From Asia Times
Mar 25, 2006
Indonesian coal a family affair
By Bill Guerin
JAKARTA - Indonesia's bountiful natural resources are generating massive corporate deals, a signal that one of the region's sickest post-Asian-financial-crisis economies is finally reviving. In the process, so too are some of the business families that ruled the roost under former president Suharto's New Order regime.
In one of Indonesia's largest ever corporate takeovers, Bumi Resources, the country's biggest coal exporter, was sold last week for US$3.2 billion to a group of investors led by Borneo Lumbung Energi, an affiliate of Jakarta-based investment bank Renaissance Capital, and the Marubeni Corp, Japan's fifth-largest trading company. The groups bought 95% of Kaltim Prima Coal (KPC) and 100% of Arutmin Indonesia and IndoCoal Resources Ltd at a whopping 54% premium on the company's current market value.
Marubeni is expected to cover up to 50% of the purchase and plans later to build a coal-fired power plant in Indonesia. The Japanese concern said it needs more coal to supplement supplies from its mines in Australia and Canada to meet the steep rise in demand for coal used at power plants at home and in China.

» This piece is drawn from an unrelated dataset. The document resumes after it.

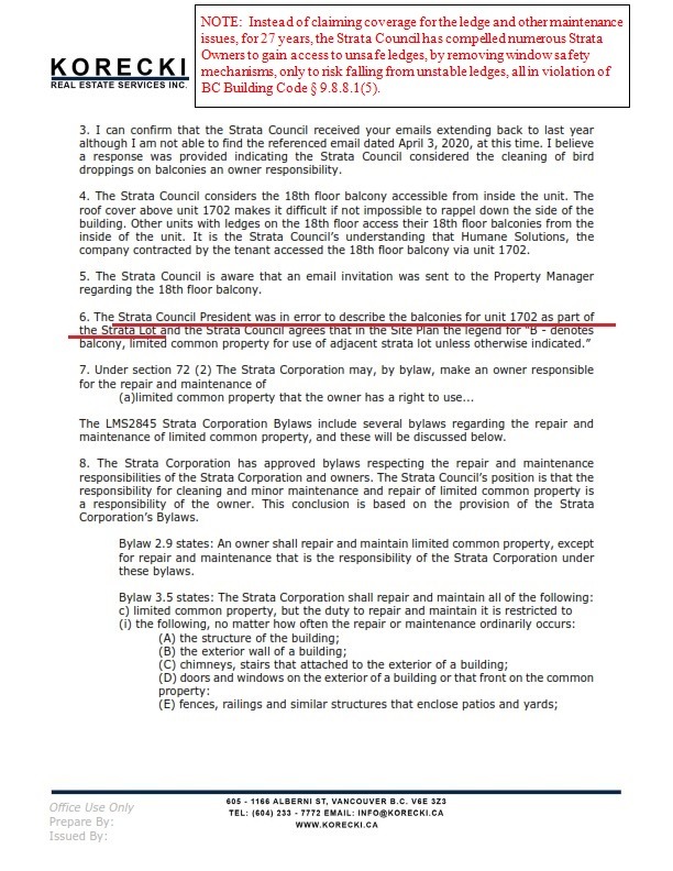 This unstable ledge was the precise area that SLAPP Plaintiff Christa Rae Cordick accused the SLAPP Defendant of occupying, and the Strata Corporation of having neither control nor legal responsibility to maintain, in her pleadings in the Provincial Court and Affidavit filed in the Supreme Court, infra.

Bumi's decision to sell the lucrative mines comes at a time when surging demand in China and India have helped to buoy global commodity prices. Mining activities account for roughly 10% of Indonesia's gross domestic product, but the industry is still highly underdeveloped. At the same time, multinational resource companies are encountering a growing series of protests, attacks and nationalistic confrontations from various Indonesian interest groups.
The sale also represents the second-biggest divestment ever for an Indonesian company, topped only by last year's $5.2 billion sale of the country's second-largest cigarette producer, HM Sampoerna, to US tobacco giant Philip Morris International by the high-rolling Sampoerna family.
Bumi, affiliated to one of Indonesia's oldest and biggest conglomerates, Bakrie & Brothers Tbk, better known as the Bakrie Group, started life as Bumi Modern in 1973 and later became a major player in the hotel and tourism sector. The family company had close ties to Suharto, and like many Indonesian companies fell on hard times in the wake of the Asian financial crisis. In 1998, citing adverse economic conditions, the Bakrie family shifted its core business from domestic-oriented hotels to export-oriented oil, natural gas and mining.
The move paid off handsomely. Sources close to the deal said the Bakrie family and other members of the consortium put $750 million into the kitty, with the remaining $2.5 billion pledged from debt instruments arranged by Credit Suisse First Boston (CSFB). Last year Bumi successfully sold $600 million in dollar-denominated bonds, which were backed by cash flows generated at Arutmin Indonesia and Kaltim Prima Coal.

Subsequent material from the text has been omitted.